The total yield from the sodium gulonate fermentation broth to the vitamin C product was 88.93%.
Example 2
A method for preparing vitamin C comprises:
step one, preparing 10L of gulonic acid sodium solution (containing 10% of gulonic acid) by a two-step fermentation method, ultrafiltering by an ultrafiltration membrane, acidifying by cation exchange resin to prepare gulonic acid solution, filtering and decoloring by activated carbon, then carrying out vacuum concentration, crystallization and centrifugation on the gulonic acid solution to obtain a gulonic acid crystal containing a crystal water, recycling mother liquor to prepare the gulonic acid crystal, and preparing 1048.8g of the gulonic acid crystal with the content of 90.1% and the yield of 94.5%;
step two, adding all the prepared gulonic acid crystals into 4L of anhydrous methanol, adding 40mL of 98% concentrated sulfuric acid, heating to 60 ℃, reacting for 2 hours under a stirring condition, adding activated carbon after the reaction is finished, decoloring and filtering in a filter to obtain a clear gulonic acid methyl ester methanol solution, concentrating the gulonic acid methyl ester methanol solution in vacuum, cooling to-5-0 ℃, crystallizing, centrifuging to obtain anhydrous gulonic acid methyl ester crystals, recovering mother liquor to prepare gulonic acid methyl ester crystals, and obtaining 986.7g of gulonic acid methyl ester crystals with the content of 99.4% and the yield of 96.8%;
step three, completely adding the prepared anhydrous gulonic acid methyl ester crystals into 4L of methanol, heating to 65 ℃, stirring and dissolving for 0.5h, adding 404g of sodium bicarbonate in a flowing manner, stirring and preserving heat for reaction for 2h to obtain a vitamin C sodium salt conversion solution, wherein the conversion rate is 99.6%, cooling to below 30 ℃, centrifuging to obtain a vitamin C sodium crude product, adding the vitamin C sodium crude product into pure water with the mass of 4 times of that of the vitamin C sodium salt crude product, stirring and dissolving, acidifying by using cation exchange resin, and removing sulfuric acid by using anion exchange resin to obtain a vitamin C aqueous solution;
and step four, decoloring the vitamin C clear liquid by using activated carbon, finely filtering by using a microfiltration membrane, carrying out vacuum concentration crystallization, cooling to the temperature of minus 5-0 ℃ for crystallization, centrifuging, washing by using methanol, carrying out vacuum drying to obtain a vitamin C product, recycling mother liquor, and preparing the vitamin C product into 801.6g of the vitamin C product, wherein the content of the vitamin C product is 99.9%, and the yield of the vitamin C product is 96.5%.
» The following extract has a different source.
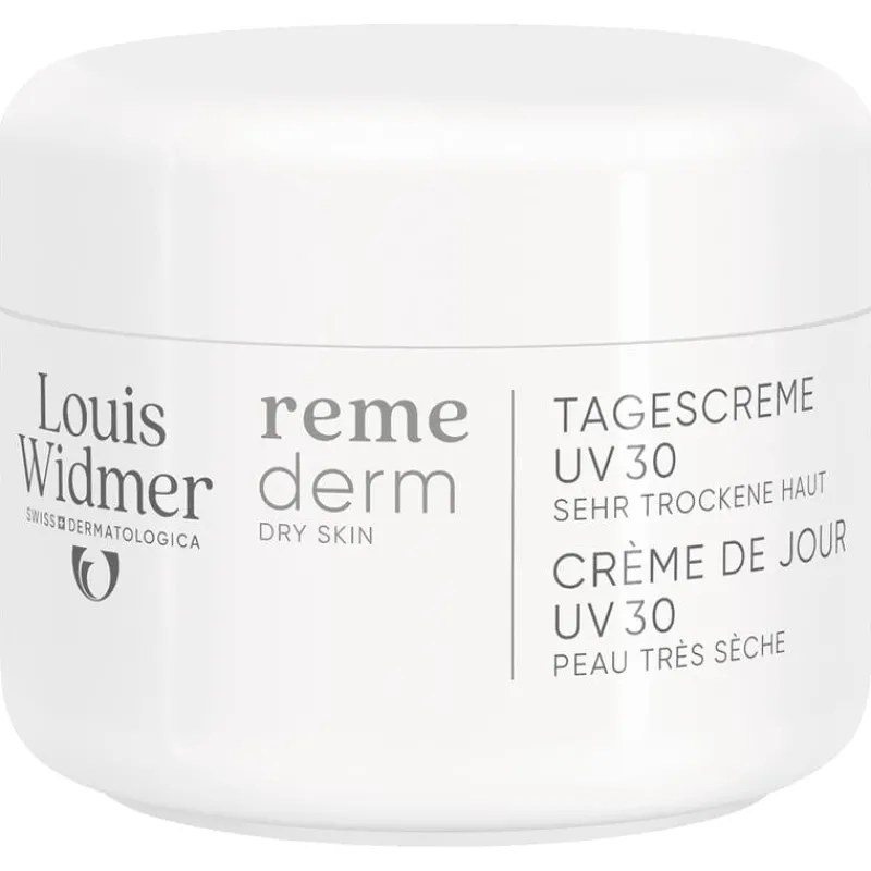 Louis Widmer remederm Dagcrème UV 30 is een voedende, hydraterende gezichtscrème met ureum, vitamine A en UV-bescherming.

The total yield from the sodium gulonate fermentation broth to the vitamin C product was 88.27%.
Example 3
A method for preparing vitamin C comprises:
step one, preparing 10L of gulonic acid sodium solution (containing 10% of gulonic acid) by a two-step fermentation method, ultrafiltering by an ultrafiltration membrane, filtering and decoloring by activated carbon, concentrating, crystallizing and centrifuging to obtain a gulonic acid sodium crystal containing crystal water, recycling mother liquor to prepare the gulonic acid sodium crystal, and preparing 1178.1g of the gulonic acid sodium crystal, wherein the content of the gulonic acid sodium is 91.2%, and the yield is 96.5%;
step two, adding the prepared gulonic acid sodium crystals into 2L of anhydrous methanol, adding 165mL of 98% concentrated sulfuric acid, heating to 65 ℃, reacting for 2 hours under a stirring condition, adding activated carbon after the reaction is finished, decoloring and filtering in a filter to obtain a clear gulonic acid methyl ester methanol solution, cooling the gulonic acid methyl ester methanol solution to-5-0 ℃, crystallizing, centrifuging to obtain anhydrous gulonic acid methyl ester crystals, recovering mother liquor to prepare gulonic acid methyl ester crystals, and obtaining 1007.4g of gulonic acid methyl ester crystals with the content of 98.8% and the yield of 96.2%;
step three, completely adding the prepared anhydrous gulonic acid methyl ester crystals into 6L of methanol, heating to 68 ℃, stirring and dissolving for 0.5h, adding 260g of sodium carbonate in a flowing manner, stirring and preserving heat for reaction for 2h to obtain a vitamin C sodium salt conversion solution, wherein the conversion rate is 99.7%, cooling to below 30 ℃, adding 50% of dilute sulfuric acid, adjusting the pH value to 2.15-2.20, settling sodium sulfate for 2h, filtering to remove the sodium sulfate to obtain a clear vitamin C solution, and washing the filtered sodium sulfate with methanol to recover the vitamin C;
and step four, decoloring the vitamin C liquid, finely filtering the vitamin C liquid by using a microfiltration membrane, carrying out vacuum concentration and crystallization, cooling the liquid to the temperature of minus 5-0 ℃ for crystallization, centrifuging, washing by using methanol, carrying out vacuum drying to obtain a vitamin C product, recycling mother liquor to prepare the vitamin C product, and finally obtaining 811.8g of the vitamin C product with the content of 99.9% and the yield of 96.3%.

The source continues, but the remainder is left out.